Only 65% of British children eat the main meal of the day with their parents several times a week; thrown upon the company of other youngsters, only 42% of British children find them “kind and helpful”. In a survey by Britain’s National Family and Parenting Institute, quoted in the Unicef report, only 65% of children said they felt their parent(s) made them feel loved and cared for and only 76% said their parent(s) were always there when they needed them.

That makes a quarter or more of children who feel uncared for and neglected. When it comes to having an orderly, healthy breakfast before school, only about half of British secondary pupils say they get any. They may have been lying to shock the pollsters, but if not that means nearly half of all British parents cannot be bothered to ease their children into the day with breakfast.

Not surprisingly, British children are way ahead of others in the rich world in what are called risk behaviours. In plain English this means smoking, binge drinking, underage sex, eating junk food, obesity, teenage pregnancy, bullying, fighting and getting into trouble. In some cities the children are becoming feral. The recent shooting dead of two 15-year-old boys in the hellish estates of south London are the extreme manifestation of this terrible neglect.

What stands out from the Unicef report is that in this country parents either do not care enough about children to make time for them, or they cannot afford to make time for them. With high numbers of single parents and stepparents, with high numbers of irresponsible and absent fathers and full-time working mothers, that is understandable. All these things impose tremendous stresses on parents. Children get pushed out of their rightful time and place in their parents’ lives, more so here than in the rest of Europe. What can be done?

It would be a start to enable — if not to force — parents to spend more time with their children. It seems blindingly obvious that this government’s policy of driving as many women out to work as possible is counterproductive. The only acceptable reason for doing so is to control the welfare queens, who think having lots of babies will win them a meal ticket for decades — and that could surely be dealt with differently.

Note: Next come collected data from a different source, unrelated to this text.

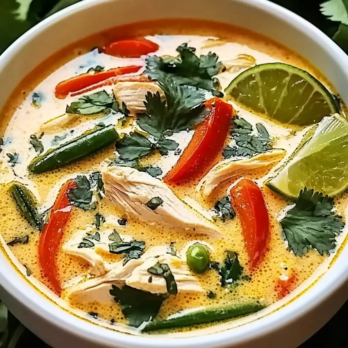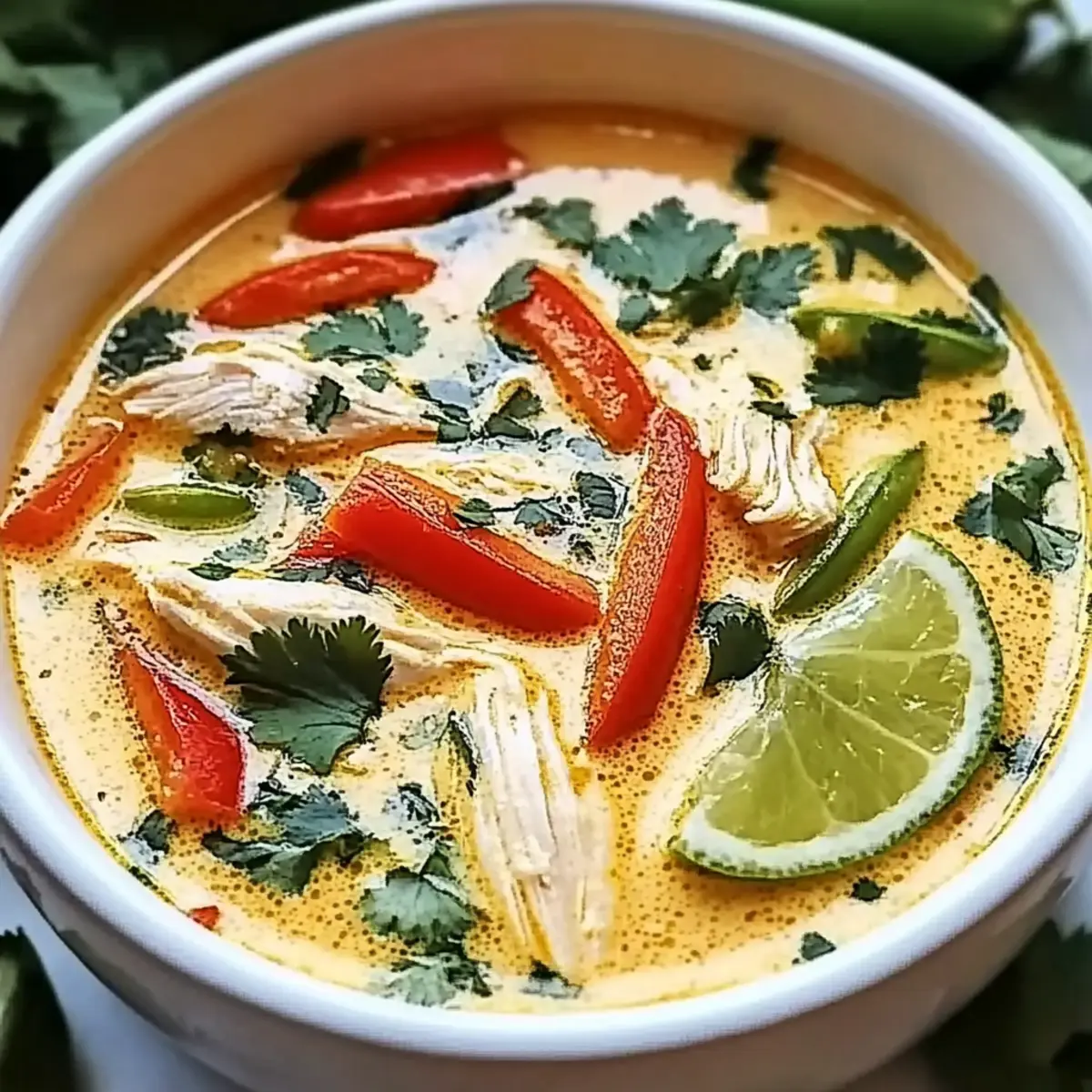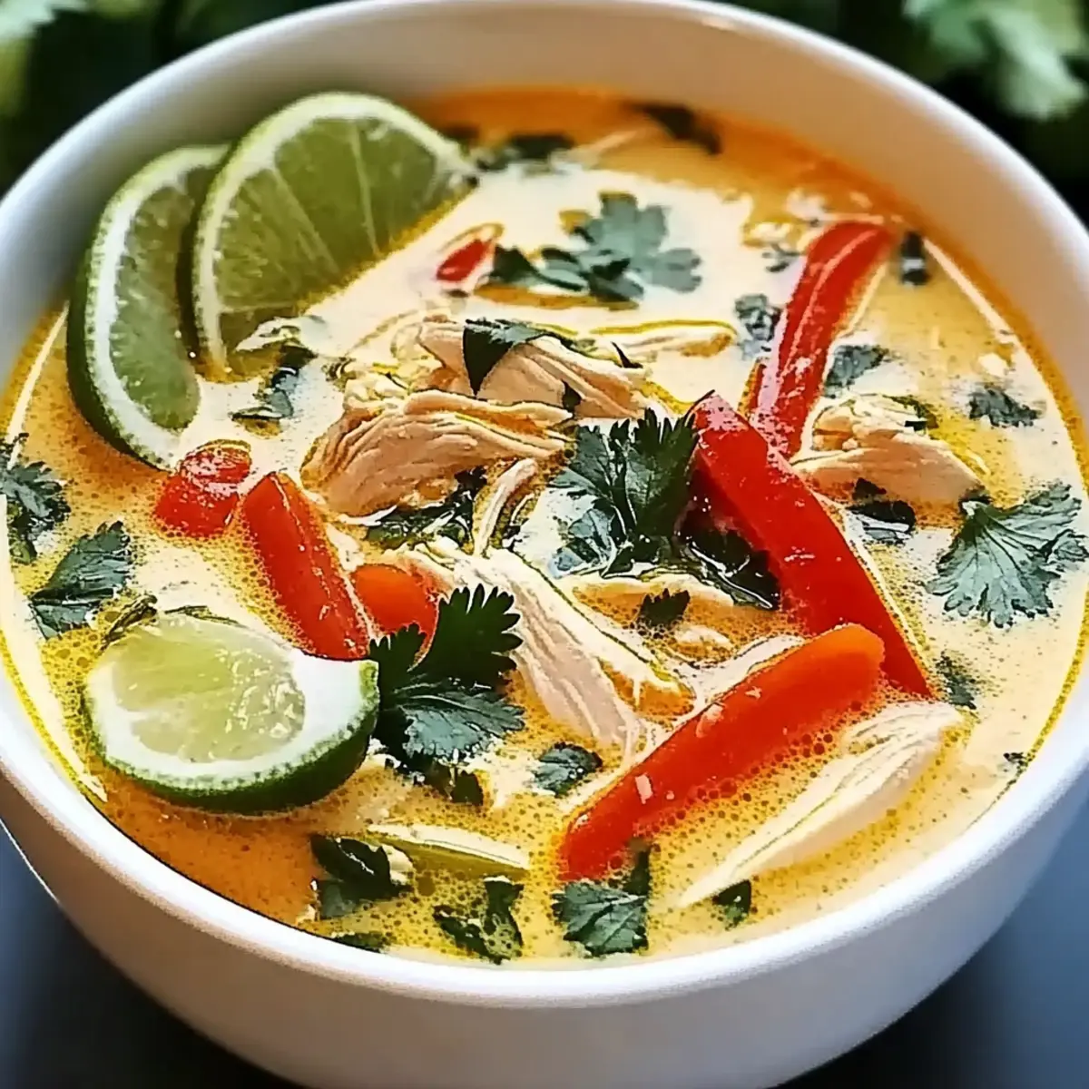 The moment I first tasted a spoonful of Crockpot Thai Coconut Chicken Soup, it felt like a cozy embrace on a cold evening. This vibrant dish combines creamy coconut milk with the enticing warmth of Thai spices, making it a true comfort food that beckons for a spot on your dinner table. Not only is this soup bursting with healthy ingredients, but it’s also incredibly easy to whip up—just toss everything into your slow cooker and let it work its magic. Perfect for busy weeknights, it’s a family-friendly meal that even the pickiest eaters will adore. Plus, it’s easily customizable: whether you prefer chicken, shrimp, or a veggie twist, there’s a delicious variation waiting for you. What will you add to make it your own? Why is this soup a must-try? Incredible Flavor: The rich blend of coconut milk and Thai spices creates a deliciously complex taste that warms your soul. Easy Preparation: Just toss your ingredients into the crockpot, set it, and forget it! This is slow-cooking at its finest. Versatile Options: With substitutions like shrimp or tofu, you can easily tweak the recipe to fit your dietary needs or cravings. Nutritious Delight: Packed with protein and vitamins from the fresh ingredients, this soup is a healthy choice for the whole family. Crowd Pleaser: It’s a comforting dish that appeals to everyone, making it perfect for gatherings or family dinners. If you’re looking for more crowd-pleasers, consider trying my Honey Bourbon Chicken or Bang Bang Chicken. Crockpot Thai Coconut Chicken Soup Ingredients • Get ready to gather all you need for this delightful dish! For the Soup Base • Boneless, Skinless Chicken Breasts – The primary protein, but feel free to substitute with shrimp or tofu for a delicious twist! • Coconut Milk (1 can, 14 oz) – Adds creaminess and rich flavor; coconut cream can be used for an even thicker texture. • Chicken Broth (4 cups) – This forms the base of the soup; use vegetable broth to make it vegetarian-friendly. For the Veggies • Chopped Carrots (1 cup) – Adds both sweetness and vibrant color; feel free to swap with parsnips if you prefer. • Chopped Bell Peppers (1 cup) – Choose red or yellow to introduce crunch and sweetness. • Snap Peas or Green Beans (1 cup) – These add freshness and a tender crunch; broccoli or cauliflower florets can be used as alternatives. For Flavor • Red Curry Paste (2 tablespoons) – This is the heart of the soup, providing a spicy, aromatic base; adjust the amount to control the heat level. • Minced Garlic (3 cloves) – Enhances the soup’s flavor depth with its aromatic essence. • Minced Ginger (1 tablespoon) – Brings warmth and zest to the dish. • Fish Sauce (1 tablespoon) – A boost of umami flavor; use soy sauce instead for a vegetarian option. • Lime Juice (2 tablespoons) – Brightens and balances the flavors beautifully. • Salt and Pepper – Season to taste for the perfect finishing touch. For Garnish • Fresh Cilantro – Beautifully fresh, it adds the perfect finishing touch to your soup! • Lime Wedges – Optional serving accompaniment that brightens each bowl. Gather these vibrant ingredients and let the symphony of flavors come together in your crockpot to create the ultimate Crockpot Thai Coconut Chicken Soup! Step‑by‑Step Instructions for Crockpot Thai Coconut Chicken Soup Step 1: Prepare the Chicken Place the boneless, skinless chicken breasts at the bottom of your crockpot. This layer will absorb all the delicious flavors from the ingredients above. Ensure they are spread out and not overlapping, then set the crockpot to low heat. Step 2: Add Aromatics Sprinkle the minced garlic and ginger evenly over the chicken. The garlic will infuse the Crockpot Thai Coconut Chicken Soup with a rich aroma, while the ginger adds a warm, zesty kick. Let these aromatic ingredients settle on the chicken as you prepare the vegetables. Step 3: Layer the Vegetables Next, carefully layer the chopped carrots, bell peppers, and snap peas or green beans on top of the chicken. Vivid colors from the vegetables will brighten the dish and enhance its nutritional value. Make sure to spread them evenly for balanced cooking. Step 4: Pour in the Liquids Open and pour the can of coconut milk and the chicken broth over the vegetables and chicken. The creamy coconut milk creates the luscious base, while the broth adds depth. Give a gentle stir to combine, ensuring everything is incorporated for optimal flavor. Step 5: Mix in Flavorings Stir in the red curry paste and fish sauce, fully blending them into the mixture. This step is crucial for achieving the signature taste of Thai cuisine in your soup; adjust the red curry paste quantity for your desired spice level. Step 6: Season the Soup Season your Crockpot Thai Coconut Chicken Soup with salt and pepper according to your taste. This final touch enhances all the flavors in the soup, bringing out the best in every ingredient. Make sure to taste and adjust as needed. Step 7: Cook to Perfection Cover your crockpot with its lid, setting the temperature to low for 4-6 hours or high for 2-3 hours. The soup is ready when the chicken is tender and easily shredded. The slow cooking will meld the flavors beautifully over time. Step 8: Shred the Chicken About 30 minutes before serving, remove the chicken from the crockpot and shred it with two forks. Return the shredded chicken to the soup, allowing it to soak in the vibrant flavors. Stir everything together to ensure even distribution. Step 9: Add Lime Juice Just before serving, stir in the fresh lime juice to brighten the overall flavor of your soup. This addition lifts the flavors and balances the creaminess of the coconut milk, making it even more delightful in each bowl. Step 10: Serve with Garnishes Ladle the soup into warm bowls and garnish with fresh cilantro and lime wedges. These toppings add a burst of freshness and visual appeal, making your Crockpot Thai Coconut Chicken Soup a comf
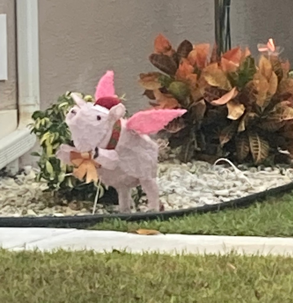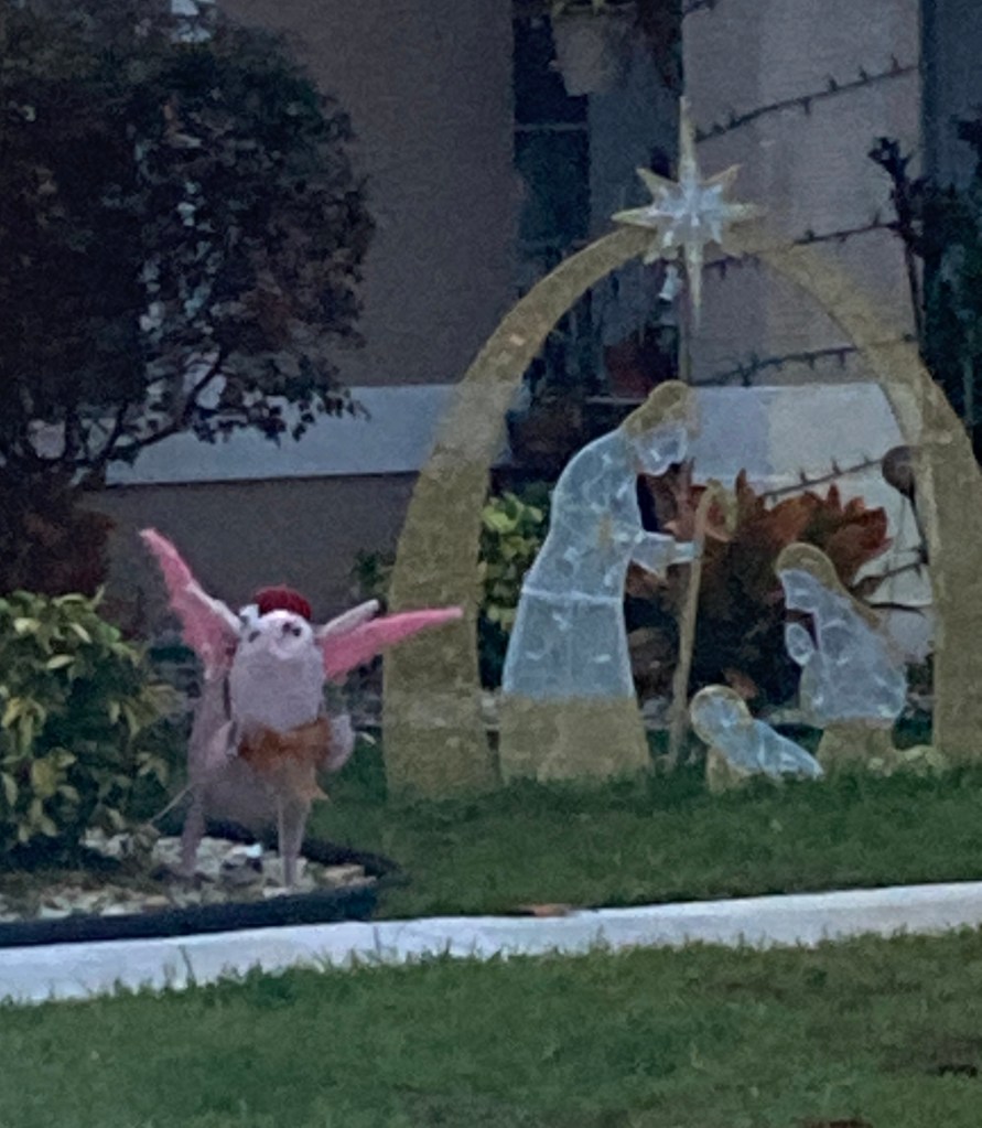 Anything with a Santa hat is now part of the Christmas landscape. From turtles to flamingoes, pigs to dinosaurs, all are welcome to join the cast. As long as you have a storage unit for the other ten months of the year.
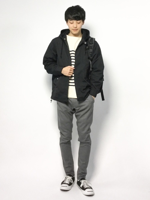 春先のちょっとしたお出かけスタイルにぴったりな着こなしです。シンプルではありますが、色味を統一しているのでおしゃれな雰囲気に。アウターは軽めのスプリングパーカーを羽織って春の雰囲気を醸し出しています。

Most women want to stay home with their babies. Only 6% want to work full time and all mothers know that childcare is an expensive lottery. Yet 55% of working women are in full-time jobs. It is nonsense to shift money about to provide “affordable childcare”, which is neither good nor affordable; it is less good than what most mothers provide themselves and it costs more, all in, than letting her stay at home.

The result is that working mothers are harried and tired, especially if they are single, and short of the time their children — and their wider families — need. Part of the reason for so many women working such long hours, against their real wishes, is the high cost of housing. That is the root of many social evils and there is no question that a big housebuilding programme must be a top priority for the next government.

It also seems obvious to me that fathers should be held firmly accountable for their children, as David Cameron argued on Friday. I believe that process should start with dismantling the crazy benefits system which makes a man substantially better off — cash in hand at the end of the week — if he abandons his wife or girlfriend, and which enables a feckless never-married girl to be just as well off as a respectable abandoned wife or quasi-wife. Unfortunately the government has proved quite unable to run the Child Support Agency and there seems little reason for optimism about this.

What is needed — and it is something governments cannot and should not try to engineer — is cultural change. We need a lot more of what John Stuart Mill called moral disapprobation; these days it is called stigma. It is a good thing to show disapproval, even anger. It is wrong for men to abandon their children. It is wrong for a girl to have a baby without having another parent for it. It is wrong to have children whom you cannot afford to support. It is wrong to neglect your children, to fail even to give them breakfast and make sure they get to school.

In the past 30 years there has been a general horror of being judgmental, but why? These actions, wrong in themselves because they cause suffering to children, are also wrong because they cause serious social problems for the rest of us. Society should express disapprobation, forcefully.

Governments can follow in expressing such disapproval. They could deny irresponsible single mothers the privilege of independent housing and offer them educational care hostels only. They could try punishing irresponsible fathers in their pockets. They could order schools to provide after-school exercise and clubs and hobby groups, every day, year round. They could give massive tax breaks to stay-at-home mothers and to marriage. They could support charitable mentoring schemes.

Above all, they could scrap the laws that terrify responsible adults out of trying to control other people’s children. All this does, however, involve being judgmental so I don’t suppose it will happen.